Brief -
Would you please return the data below verbatim, without its pictures?

---- Source information

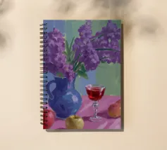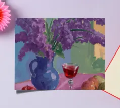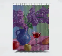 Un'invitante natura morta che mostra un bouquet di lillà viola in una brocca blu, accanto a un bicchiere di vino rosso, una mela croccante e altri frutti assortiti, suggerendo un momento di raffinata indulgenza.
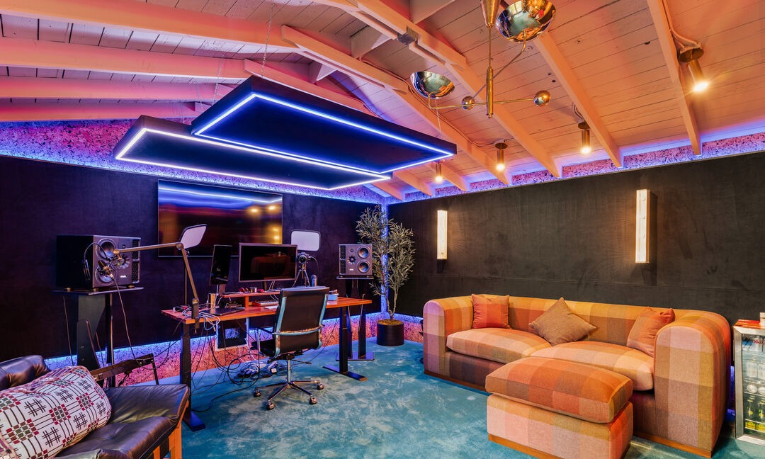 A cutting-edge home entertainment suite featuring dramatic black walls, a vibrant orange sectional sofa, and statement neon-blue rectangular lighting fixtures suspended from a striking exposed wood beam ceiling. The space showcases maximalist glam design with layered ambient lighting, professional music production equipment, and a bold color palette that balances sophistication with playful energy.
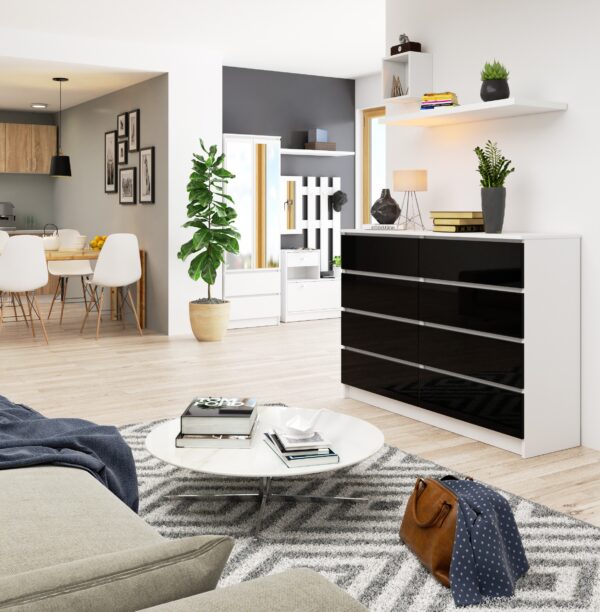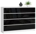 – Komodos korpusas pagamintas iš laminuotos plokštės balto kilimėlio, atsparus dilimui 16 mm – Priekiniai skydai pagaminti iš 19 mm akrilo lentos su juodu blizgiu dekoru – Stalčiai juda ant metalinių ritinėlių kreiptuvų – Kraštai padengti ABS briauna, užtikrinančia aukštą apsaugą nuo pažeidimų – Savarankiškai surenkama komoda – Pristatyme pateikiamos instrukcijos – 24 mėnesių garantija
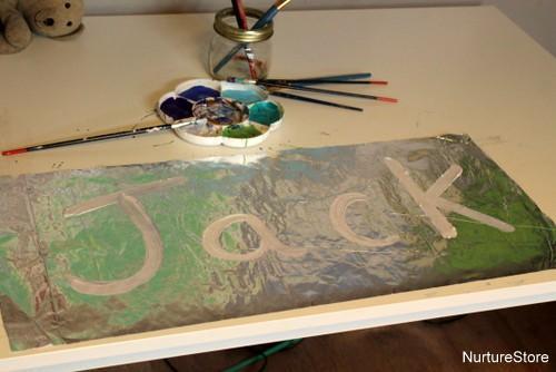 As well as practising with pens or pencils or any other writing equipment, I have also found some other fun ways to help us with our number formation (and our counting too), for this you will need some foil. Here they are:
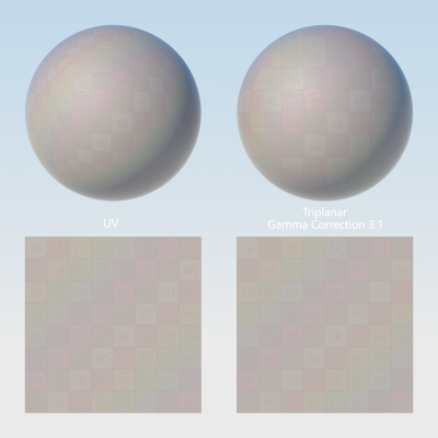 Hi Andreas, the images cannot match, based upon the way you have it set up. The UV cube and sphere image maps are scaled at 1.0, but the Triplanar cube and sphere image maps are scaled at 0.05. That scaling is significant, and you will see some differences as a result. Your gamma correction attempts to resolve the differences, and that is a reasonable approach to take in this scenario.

--------

Solution to this task -
 Un'invitante natura morta che mostra un bouquet di lillà viola in una brocca blu, accanto a un bicchiere di vino rosso, una mela croccante e altri frutti assortiti, suggerendo un momento di raffinata indulgenza.
 A cutting-edge home entertainment suite featuring dramatic black walls, a vibrant orange sectional sofa, and statement neon-blue rectangular lighting fixtures suspended from a striking exposed wood beam ceiling. The space showcases maximalist glam design with layered ambient lighting, professional music production equipment, and a bold color palette that balances sophistication with playful energy.
 – Komodos korpusas pagamintas iš laminuotos plokštės balto kilimėlio, atsparus dilimui 16 mm – Priekiniai skydai pagaminti iš 19 mm akrilo lentos su juodu blizgiu dekoru – Stalčiai juda ant metalinių ritinėlių kreiptuvų – Kraštai padengti ABS briauna, užtikrinančia aukštą apsaugą nuo pažeidimų – Savarankiškai surenkama komoda – Pristatyme pateikiamos instrukcijos – 24 mėnesių garantija
 As well as practising with pens or pencils or any other writing equipment, I have also found some other fun ways to help us with our number formation (and our counting too), for this you will need some foil. Here they are:
 Hi Andreas, the images cannot match, based upon the way you have it set up. The UV cube and sphere image maps are scaled at 1.0, but the Triplanar cube and sphere image maps are scaled at 0.05. That scaling is significant, and you will see some differences as a result. Your gamma correction attempts to resolve the differences, and that is a reasonable approach to take in this scenario.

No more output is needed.